**** Material for this exercise ****

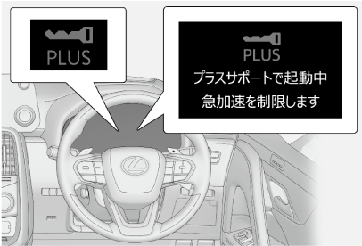 プラスサポートは、お客様の運転を補助し、より安全なドライブを支援します。プラスサポートを使用するためには、プラスサポート用スマートキー(以下、サポキー)が必要です。プラスサポートおよびサポキーは販売店装着オプションです。
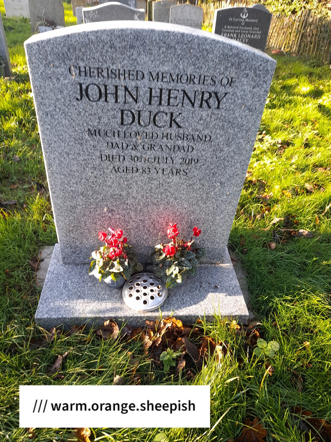 Cansell, Jack Donald                              02/04/1975         4/14               Inscription now includes "Also of a dearly loved wife and Mum Ruby Mary Cansell who died October 27th 1995 aged 71 years."
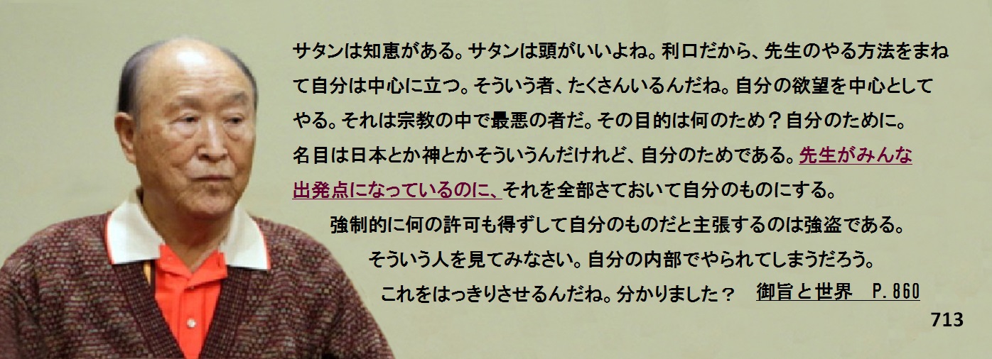 サタンは知恵がある。サタンは頭がいいよね。利口だから、先生のやる方法をまねて自分は中心に立つ。そういう者、たくさんいるんだね。自分の欲望を中心としてやる。それは宗教の中で最悪の者だ。その目的は何のため?自分のために。名目は日本とか神とかそういうんだけれど、自分のためである。
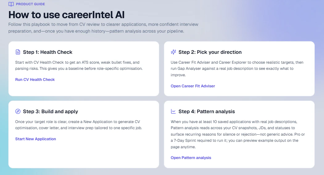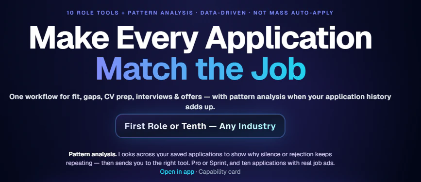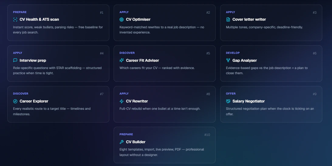 Hi Everyone, I created this because the job hunt was doing my head in — same CV in ten different tools, another “AI coach” spouting advice that could’ve been about anyone. No idea of what was actually going wrong when rejected. Needed that one place to do it all: CV, the actual job ads you’re going for, and a path from “am I even right for this?” through to prep and, if you get there, helping with the offer. Hope you like it. Constructive criticism appreciated.
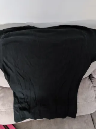 Camiseta negra con un diseño llamativo y moderno. - Estampado LIVE YOUR STYLE con detalles brillantes. - Mangas cortas con flecos. - Bajo con flecos largos. - Cuello redondo.
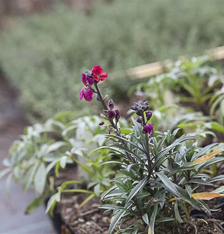 Der Goldlack (Erysimum cheiri) bildet rosafarbene, stark duftende Blüten von Juli bis August. Er bevorzugt durchlässigen Boden in sonniger Lage. Der Goldlack ist an geschützten Standorten gut frostverträglich. Die aufrechte Staude erreicht gewöhnlich eine Höhe von ca. 1 m.
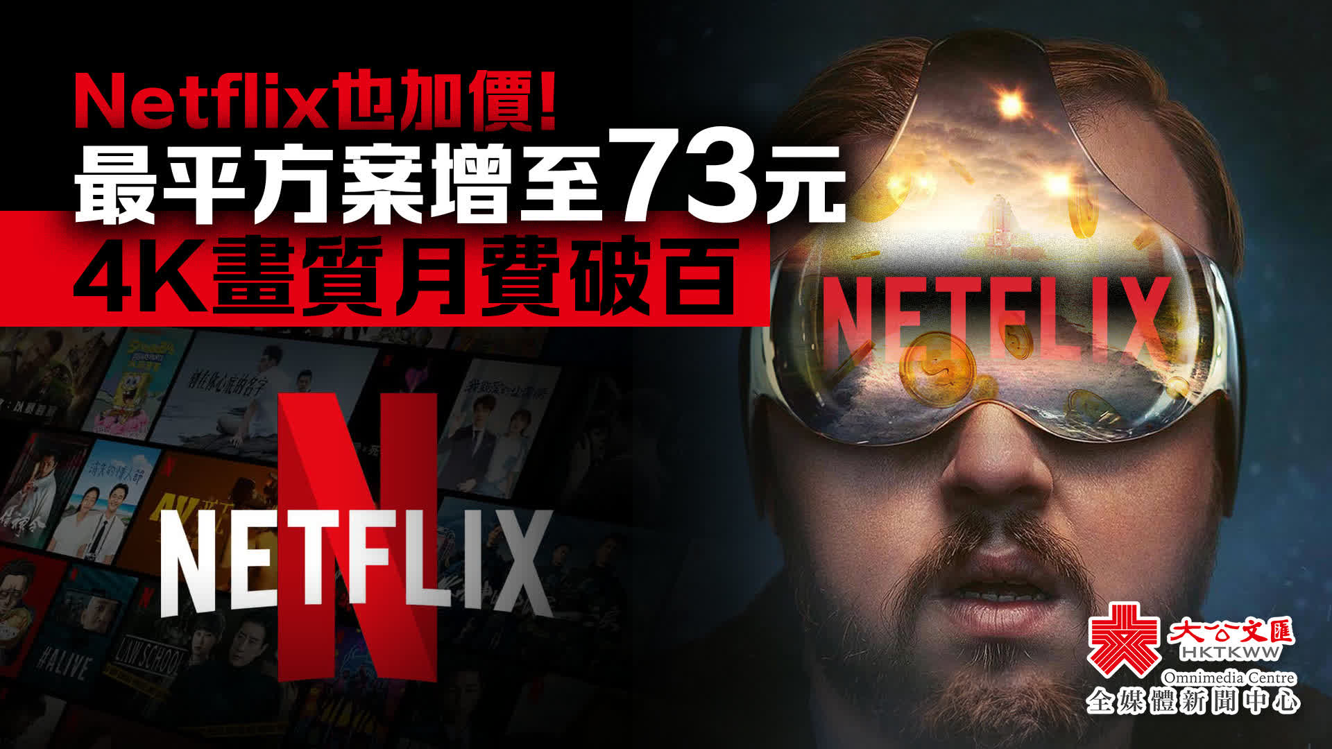 大公文匯全媒體報道,串流影片平台Netflix上調香港月費計劃收費,所有訂閱方案加價10至15元,相等於約13%至16%升幅,當中最平方案加價至73元。
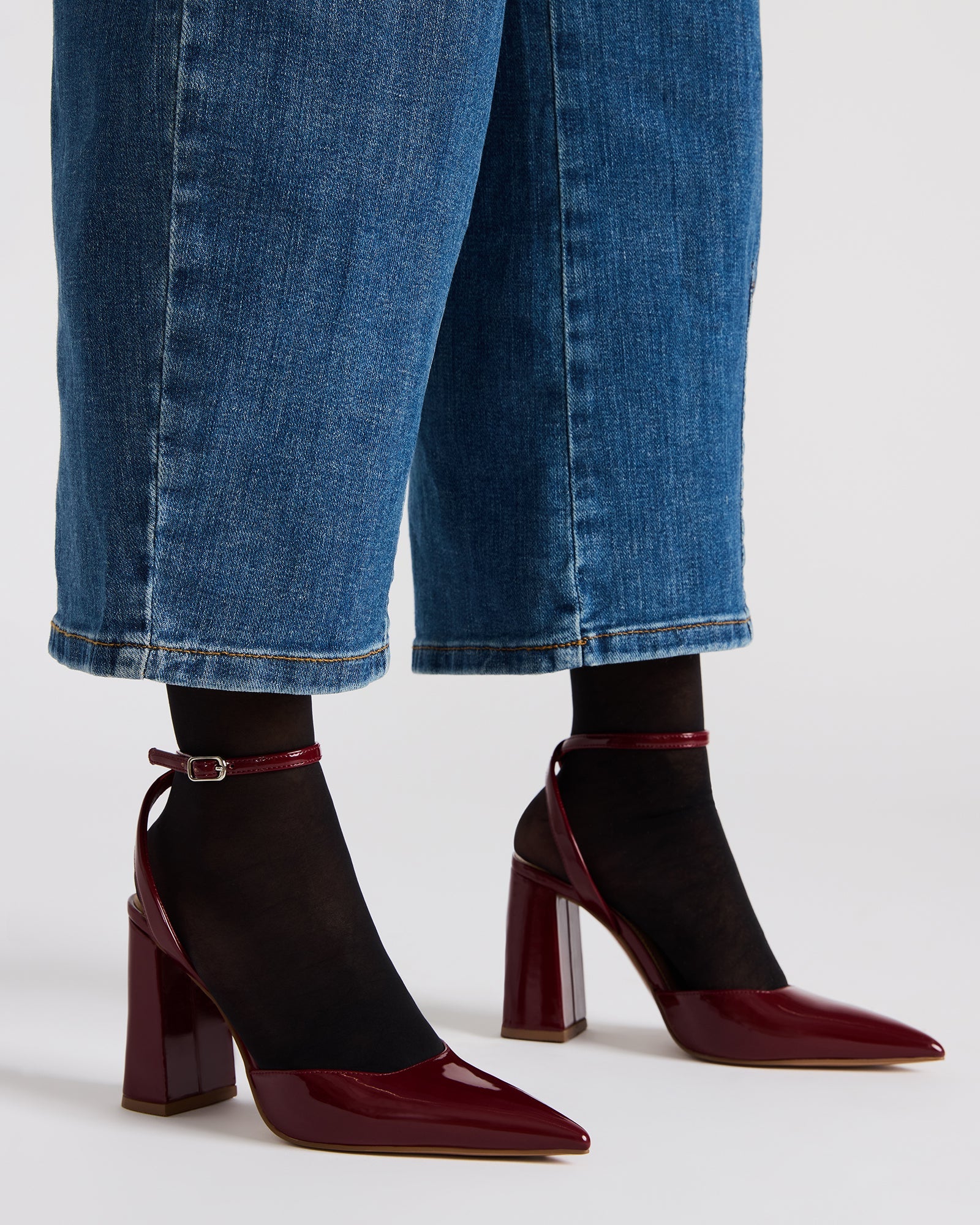 Elevate your style with our MATTEA . The pointed-toe and crisscross strap add elegance while the block heel offers a classic touch. Perfect for any occasion. these pumps will take your outfit to the next level.
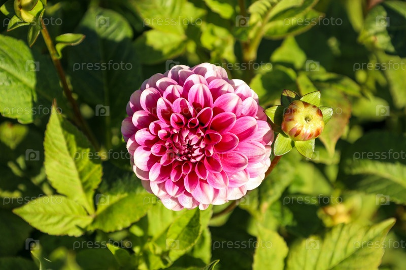 Розовый цветок даллии и нецветающий бутон на зеленом кусте
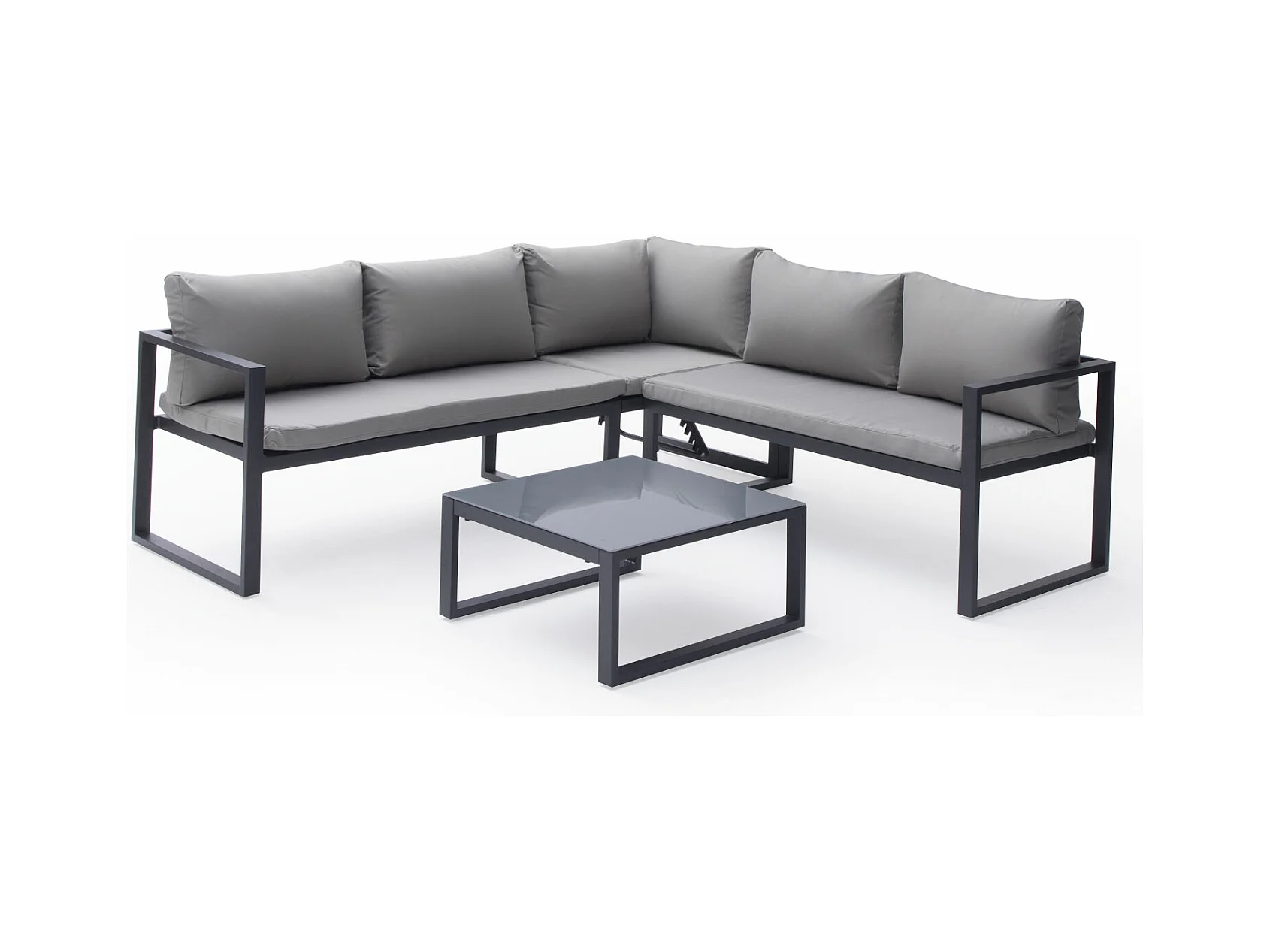 Salon de jardin modulable IBIZA en tissu gris 4 places - aluminium anthracite - HAPPY GARDEN
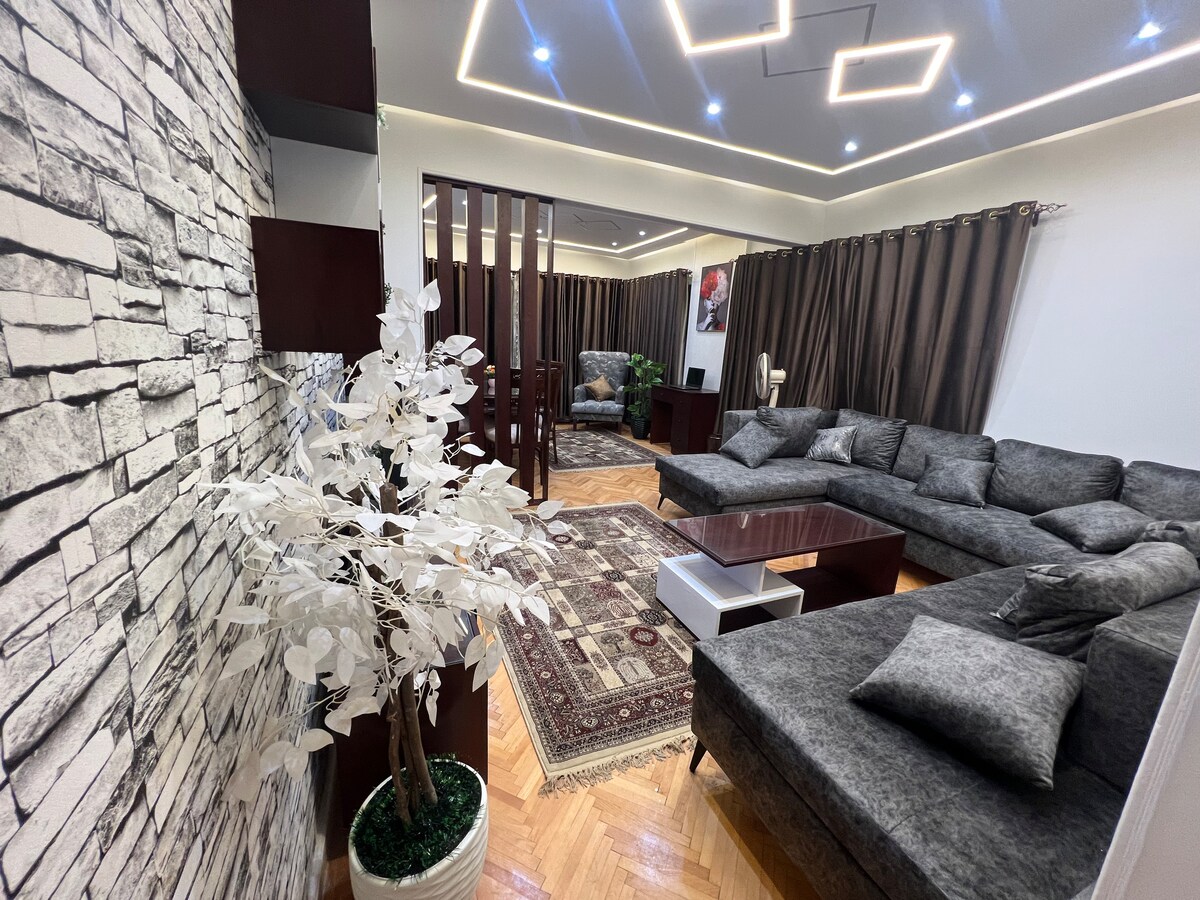 Descubre El Cairo desde una casa espaciosa y lujosa situada en el corazón de la ciudad, justo enfrente del emblemático Museo de la Civilización. Este elegante apartamento cuenta con muebles de alta gama, un diseño abierto y está a solo unos minutos de las principales atracciones, tiendas y restaurantes. Perfecto para familias o viajeros que buscan comodidad y estilo en una ubicación privilegiada. Disfruta del lujo moderno y el encanto histórico a tu puerta.
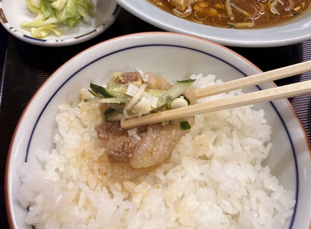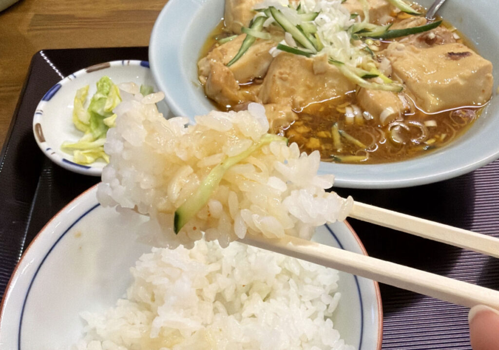 お肉はキュウリとともにご飯にワンバンさせ、ぱくっと!

****

→ What this task involves: In the data above, please extract the lines from the first one through the line with "サタンは知恵がある。サタンは", exactly, and keep pictures out.

→ Answer below:
 プラスサポートは、お客様の運転を補助し、より安全なドライブを支援します。プラスサポートを使用するためには、プラスサポート用スマートキー(以下、サポキー)が必要です。プラスサポートおよびサポキーは販売店装着オプションです。
 Cansell, Jack Donald                              02/04/1975         4/14               Inscription now includes "Also of a dearly loved wife and Mum Ruby Mary Cansell who died October 27th 1995 aged 71 years."
 サタンは知恵がある。サタンは頭がいいよね。利口だから、先生のやる方法をまねて自分は中心に立つ。そういう者、たくさんいるんだね。自分の欲望を中心としてやる。それは宗教の中で最悪の者だ。その目的は何のため?自分のために。名目は日本とか神とかそういうんだけれど、自分のためである。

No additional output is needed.